Avidan: So the genesis of this was earlier in this year, we had a conference in South Africa, and we had investigators from all around the world and from various countries in the African continent. And we were seeing early on in this year the emergence of this pandemic. And we thought then, we really need to establish this worldwide network, where we could work collaboratively in a unified way to try to combat this virus. And I hope that when we as humans confront crises like COVID-19 that it brings out the best in us and that it allows us to find common cause in fighting a common enemy because, surely, there are major challenges that are posed by COVID-19. And so let’s use that to bring out some things that are good. And that after we’ve defeated COVID-19 that the world is a better place in some way. And we’ve used it to improve our society and the way that we all work together. It is such a critically important simple point that is easily lost. You cannot protect one country if you’re not protecting the whole world.
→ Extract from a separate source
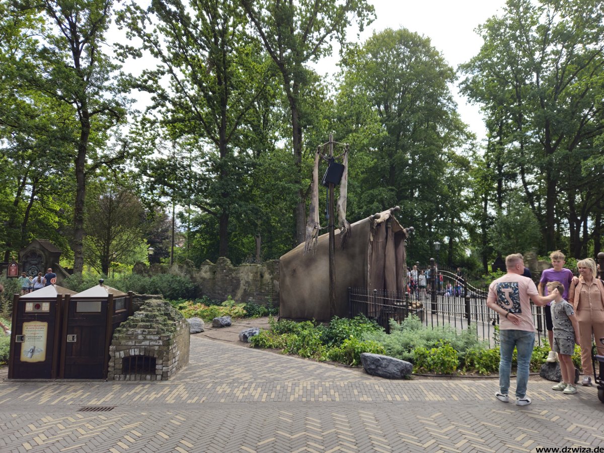 Weiter südlich und zum Abschluß des Rundgangs liegt Anderrijk (Andersland). Neben der Raftinganlage Pirana gibt es einen Dark Ride zum Thema 1001 Nacht: Fata Morgana. Das Spukschloss von damals ist dem eingangs erwähnten Dance Macabre gewichen, die Schweizer Bobbahn hat für Max & Moritz Platz gemacht. Hatte ich im Jahr 2018 geschrieben, dass die Schweizer Bobbahn ganz furchtbar und wie in den letzten Betriebsjahren anfühlte, gab es ein Jahr später dann tatsächlich den Abriss und kurz danach einen Ersatz.

Dryden: And it’s hard to protect anyone if you don’t have enough health-care workers to care for them because the workers have gotten sick with the virus. Avidan says an estimated 30,000 such workers from across the globe will take various doses of chloroquine or inactive placebo. As the study progresses over several weeks, if the investigators find that a particular dose of the drug seems to be the most effective at protecting health-care workers, all participants will be able to receive that dose. Ultimately, the scientists want to identify the lowest dose of medication that provides the most protection for front-line health-care workers. The study will last for five months.
Show Me the Science is a production of the Office of Medical Public Affairs at Washington University School of Medicine in St. Louis. The goal of this project is to keep you informed and maybe teach you some things that will give you hope. Thanks for tuning in. I’m Jim Dryden. Stay safe.